Mycophenolate Mofetil

Mycophenolate mofetil (MMF) is an immunosuppressant that blocks the purine biosynthesis pathway of cells via the inhibition of inosine monophosphate dehydrogenase, selectively affecting B- and T-cells. It is recognized as an off-label therapy in patients with refractory forms of AD. Insufficient data exist to make recommendations regarding the optimal MMF dosing or duration of therapy for patients with AD. Dosing ranges from 0.5 to 3 g/d. MMF is available in oral suspension, capsules, and tablets, and it is given twice daily. MMF is generally well tolerated, with nausea, vomiting, and abdominal cramping being the most common side effects. Rarely, hematologic (anemia, leukopenia, thrombocytopenia) and genitourinary (urgency, frequency, dysuria) toxicities have been reported. There is a theoretical risk of increased susceptibility to viral and bacterial infections while taking MMF, as it is clearly observed in patients with organ transplantation. Cutaneous malignancy and lymphoma are potential risks [10].

Conclusions

The introduction of dupilumab has changed the management of patients with severe forms of AD but traditional drugs remain a milestone for the treatment of mild-moderate AD and for combined therapies.
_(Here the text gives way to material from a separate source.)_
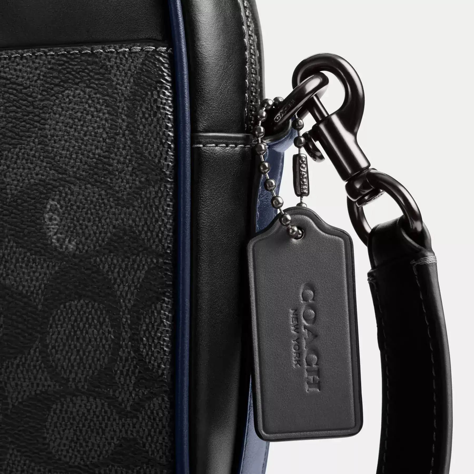 ,Combining effortless style and major functionality, our Hitch takes you to work, weekends and everywhere in between. Crafted of our Signature canvas and colorblock refined leather, this organized crossbody has an interior multifunction pocket to hold small accessories and an exterior slip pocket for easy access to essentials. It’s finished with a zip-top closure and a detachable strap for crossbody wear.

Therefore, dermatologists need a good knowledge of both fields of interest for an integrated and personalized management of patients.

Table 1

Key points

Moisturizers	Integral part of AD therapy, including in patients on biological treatment since it is able to reduce inflammation and itching but not xerosis.
Topical	corticosteroids Recommended for mild-to-moderate forms; they can be also helpful to accelerate the response to systemic drugs, including biologics, to increase the efficacy and to control the flares.
Topical calcineurin inhibitors	Recommended as steroid-sparing agents in long term therapy and mostly for the sensitive areas (face, skin folds and genitals). Useful to treat facial dermatitis (not responsive to dupilumab or dupilumab associated) and to prevent dupilumab associated conjunctivitis, if peripalpebral eczema is present.
Phototherapy	Used as second-line treatment, after failure of first-line treatment (emollients, topical steroids, and topical calcineurin inhibitors), or as maintenance therapy in patients with chronic disease.
Traditional systemic drugs	First line therapy for severe forms and a valid choice in combination with dupilumab and in case of inadequate response to biological drug, maintaining a good safety profile.